Researcher
David Sinclair
Last updated Sun May 17 2026 00:00:00 GMT+0000 (Coordinated Universal Time)
Background
David Sinclair is Professor of Genetics at Harvard Medical School and co-director of the Paul F. Glenn Center for Biology of Aging Research. He trained in Australia and did postdoctoral work with Lenny Guarente at MIT on yeast sirtuin biology.
Lines of work
- Sirtuin biology: founding contributions to the sirtuin–ageing hypothesis; mechanisms by which sirtuins translate metabolic state into chromatin and metabolic regulation.
- NAD+ metabolism: characterisation of age-related NAD+ decline and the rationale for NAD precursor supplementation.
- Resveratrol and other sirtuin-activating compounds (an area with unresolved mechanistic debate).
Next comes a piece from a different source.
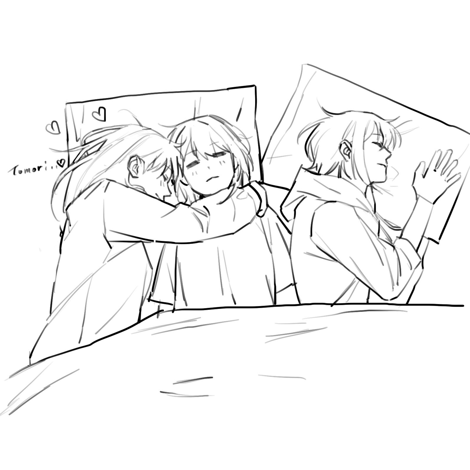 3girls =_= bang_dream! bang_dream!_it's_mygo!!!!! blush closed_eyes closed_mouth commentary greyscale hashtag-only_commentary highres hood hood_down hoodie hug kaname_raana long_sleeves monochrome multiple_girls nohee07 shiina_taki sketch takamatsu_tomori under_covers yuri

- Information theory of aging: framing aging as a loss of epigenetic information that can in principle be restored.
- Partial epigenetic reprogramming: using subsets of the Yamanaka factors (OSK) to restore vision in mouse models of glaucoma.
Public profile
Sinclair is one of the most publicly visible longevity researchers, authoring the popular book Lifespan (2019) and co-hosting a podcast. Some of his public claims have been criticised by other researchers as running ahead of the published evidence; readers should weigh primary literature carefully.
Affiliations / disclosures
Co-founder of multiple biotech companies including Sirtris, Life Biosciences, and others. Disclosure statements appear with his peer-reviewed publications.
Related entries
See also: Epigenetic alterations, NAD+ precursors, Stem cell exhaustion.
References
- Lu, Y. et al. Reprogramming to recover youthful epigenetic information and restore vision. Nature 588, 124–129 (2020).